What we can observe here is the fact that the GUnzipped string resulted in a long HEX string (probably a hex dump of a file? ) which looks to have a weird padding formed by 0x30, 0x31, 0x20, which translates to numbers: 0,1, and space char.

Again, converting from HEX to ASCII, the above text becomes:

Felicitări ai finalizat concursul HackTheZone! 00111101 00111101 01000001 01000001 01000001 01000001 01100111 01101000 01110111 00111000 01000001 01101000 01001100 00110010 01110111 00101111 01010101 01001010 01110010 01000001 01101000 01010000 01101111 01110110 01100111 01001101 01000011 01011000 01111000 01110110 00101111 01110001 01100100 01011000 01110101 01001101 00101011 00110000 01101101 00110011 01101111 01101011 01001000 01100010 01011000 01000001 01100011 00110001 01110111 01100110 01000111 01100111 01000001 01101100 01110100 01111001 01000110 01111000 01000001 00111000 01000001 01110100 01010000 01100010 01110010 01011000 00111000 01010100 01101100 01010001 01010010 00101111 01010110 01101100 00101111 01010101 01010101 01101101 01100010 01101011 01101110 01111010 01011010 01001001 01010000 01000101 01110000 01101110 01001101 00111000 01110110 01110101 01100001 01000110 01001000 00110010 00111000 01100001 01001101 01110100 01101010 01101011 00110011 01010110 01000110 01110111 01010001 01001001 01000100 01101100 01010001 01100111 01001101 01010111 01111010 00101111 01000001 00110000 01010110 01101110 01101100 01100110 01000111 01000001 01001001 01110011 00110100 01001000

Yay! Now we know that all the madness was not related to the executable itself, but with the text within its strings.

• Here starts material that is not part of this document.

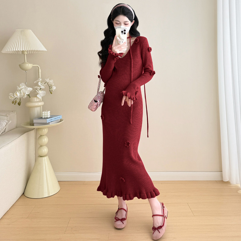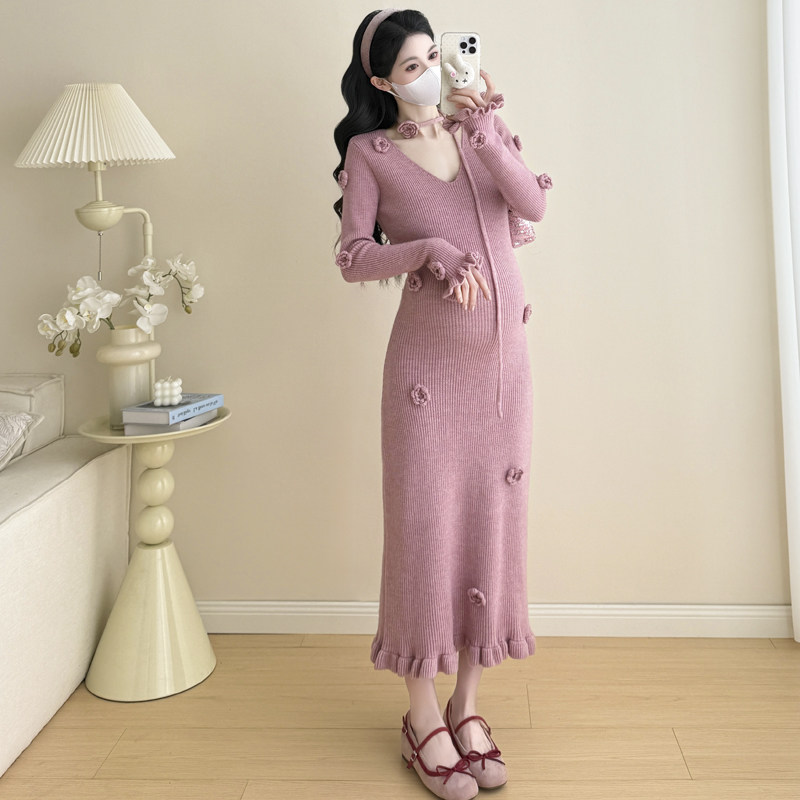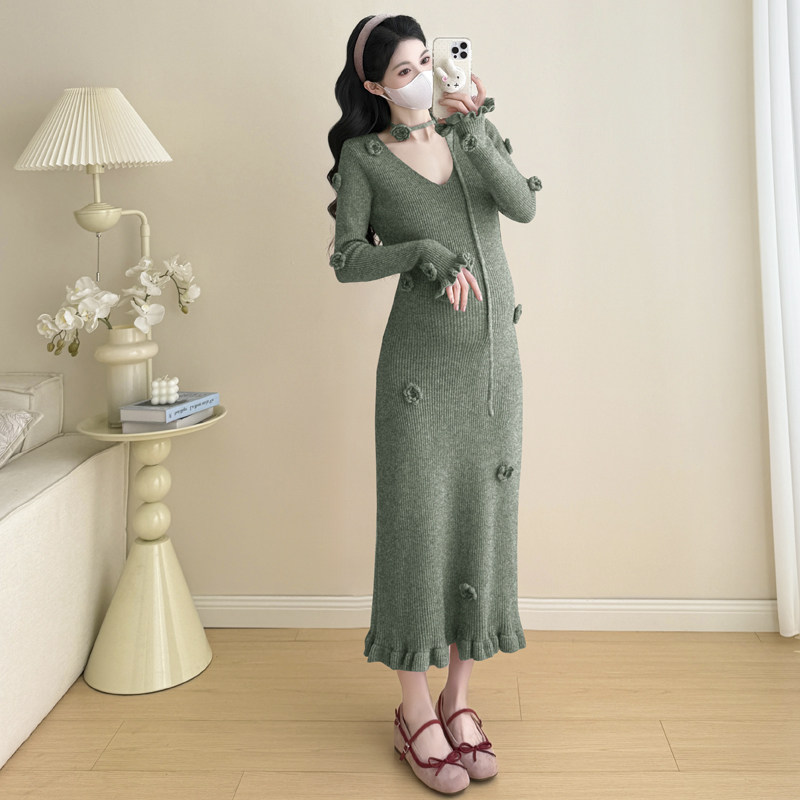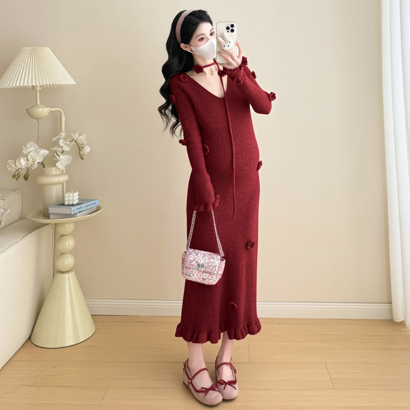 婧麒孕妇装连衣裙套装2025新款秋冬花朵宽松针织毛衣吊带长款裙子
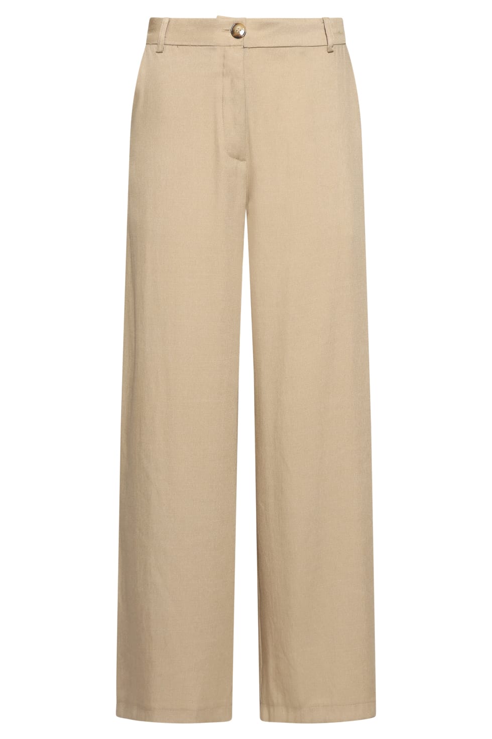 Broek van Smashed Lemon met wijde pijpen, hoge taille, knoop- en ritssluiting en steekzakken. Materiaal: Rayon 78,6%| polyester 14,4%| polyamide 7%

Since we obtained what looks to be the partial congratulation message for finding the flag, we already know what steps should be applied on the remaining (yet again) binary string.

As we can see, we got the half of the final message, so we just re-apply the same steps and we should be good to go. The same steps need to be applied to the binary string after the message “Felicitări ai finalizat concursul HackTheZone!”